Story Stocks®
Trupanion (TRUP) has been barking up a storm since reporting impressive Q2 results a couple of weeks ago. As a provider of medical insurance plans for cats and dogs, it would make sense if consumers decided to cut back on this spending given how tight consumer budgets are these days. However, Trupanion surprised the market with a good Q2 report. The stock has made quite a move since the Q2 report (+33%), trading to a new 52-week high.
- The company reported a loss as expected, but it was narrower than analysts had been expecting. Also, revenue rose nicely, up 16% yr/yr to $314.8 mln, which also was better than expected. What's more and we think the metric investors liked most was subscription revenue jumping 20% yr/yr to $208.6 mln. TRUP says its subscription business is the financial engine behind its business.
- Breaking down the components of its subscription growth, ARPU increased by 11% yr/yr, a record pace since TRUP became publicly traded 10 years ago and pet count increased by 8%. Within its core Trupanion brand, ARPU expanded even faster at 13%. Modulating between growth and pricing is a key focus for TRUP.
- An issue the company has been dealing with rising veterinary pricing, so it works hard to get that right balance between its prices and vet inflation. What really helped with Q2 subscription revenue is that TRUP had approximately 24% pricing rolling through its book, and veterinary inflation remained consistent with expectations at 15%. Against this backdrop, retention in the quarter was strong with the average pets staying with TRUP for over 60 months.
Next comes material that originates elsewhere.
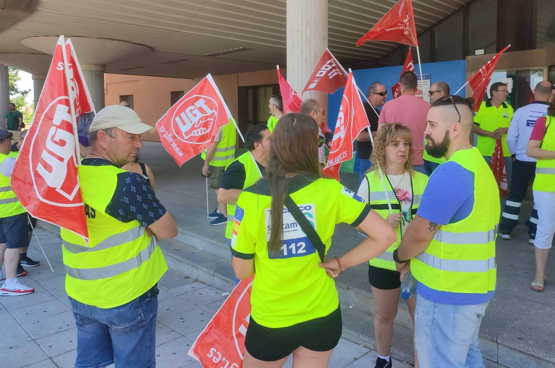 Los trabajadores y trabajadoras del transporte sanitario de Castilla-La Mancha han vuelto a salir hoy a la calle para reclamar mejoras en sus condiciones laborales así como un pliego de condiciones para la concesión de este servicio público en el que sea posible asumir el preacuerdo de convenio colectivo firmado entre las empresas y los representantes de estos profesionales.

Of note, within its core Trupanion product, approximately half of its Trupanion members have received a pricing increase of 20% or more over the last 12 months.
- Unlike other direct-to-consumer subscription models, because TRUP is an insurance provider which is more regulated, it is limited in how quickly it can adjust and implement pricing. However, TRUP recently received meaningful rate approvals in two of its largest states that are beginning to take effect. While these new rates will take time to run through its book, they should enable TRUP to increase acquisition spending and pet growth in these regions now that the company has reestablished pricing.
Overall, we just wanted to flag the big move recently in Trupanion. It seems like US consumers are willing to keep spending on their pets despite the macro pressures. Also, we think consumers are seeing the rising cost of veterinary care and having health insurance is way to mitigate those increased costs. It also tells us sentiment around this stock finally seems to be improving. It has been under pressure in recent years, but the durability of its subscription base and favorable rate increases from state regulators are convincing the skeptics.